Vanda Pharmaceuticals Inc today announced the results of a HETLIOZ (tasimelteon) driving study to measure next day performance. Tasimelteon did not impair measures of driving performance, whereas the active control, zopiclone, showed significant impairment.

In this triple crossover study, 48 healthy volunteers drove 100 km in a validated driving simulator the morning after taking a bedtime dose of either tasimelteon 20 mg, zopiclone 7.5 mg, or placebo. The volunteers were instructed to operate the driving simulator for approximately 1 hour with a speed of 55 mph while maintaining lane position.

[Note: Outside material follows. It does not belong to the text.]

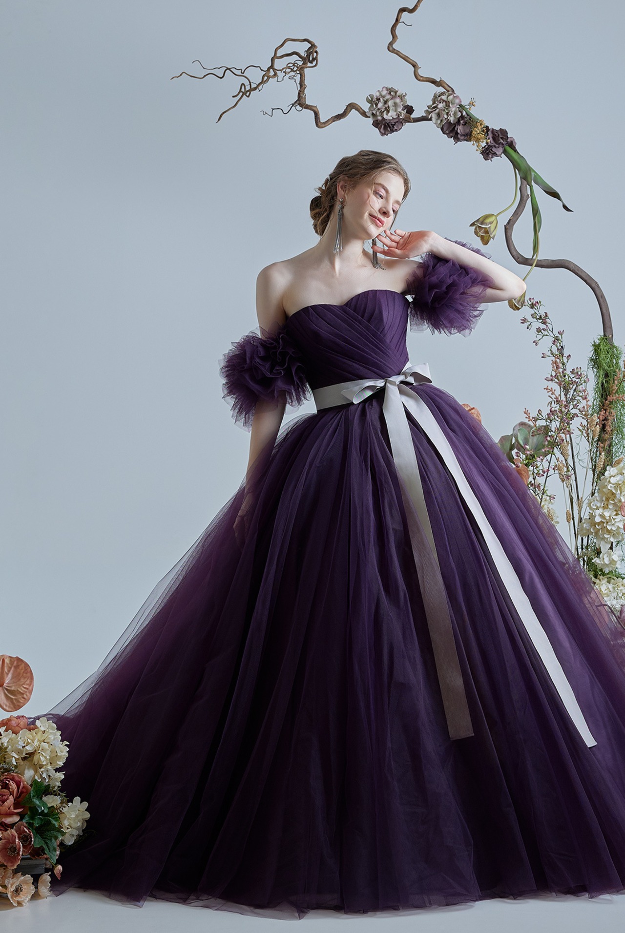 カラードレス パープル ベアトップ 取り外しパフスリーブ サッシュベルト 可愛い 華やかなトレーン チュールスカート

Treatment with tasimelteon 20 mg at bedtime demonstrated no next day driving impairment compared to placebo. Treatment with zopiclone 7.5 mg dosed at bedtime was associated with a meaningful and significant increase in standard deviation of lateral position (SDLP), a measure of lane weaving, compared to the placebo treatment.

A secondary analysis of the paired differences between treatments (a symmetry analysis) confirmed that tasimelteon did not impair next day driving while there was an impairment with zopiclone. A difference of 4.4 cm is considered equivalent to the driving impairment associated with a blood alcohol (BAC) level of 0.05%, a level associated with increased crash risk.

“Compared to other sleep agents where we’ve investigated next-day residual effects on driving, tasimelteon demonstrated no impairment when evaluated 9 hours after dosing,” says Gary G. Kay, PhD, president of Cognitive Research Corporation, the contract research organization who ran the study, in a release.  Kay serves as a consultant for the National Highway Transportation Safety Administration (NHTSA) and is an expert in drug-impaired driving.

HETLIOZ is currently approved for the treatment of Non-24 Hour Sleep Wake Disorder. Vanda plans to file a supplemental new drug application for HETLIOZ for the treatment of jet lag disorder with the FDA in 2018. It is not currently approved by any regulatory authority for the treatment of jet lag.

Zopiclone is a non-benzodiazepine sleep agent marketed at a dose of 7.5 mg in countries outside the United States. In the US, eszopiclone the s-enantiomer of zopiclone, is available under the brand name Lunesta.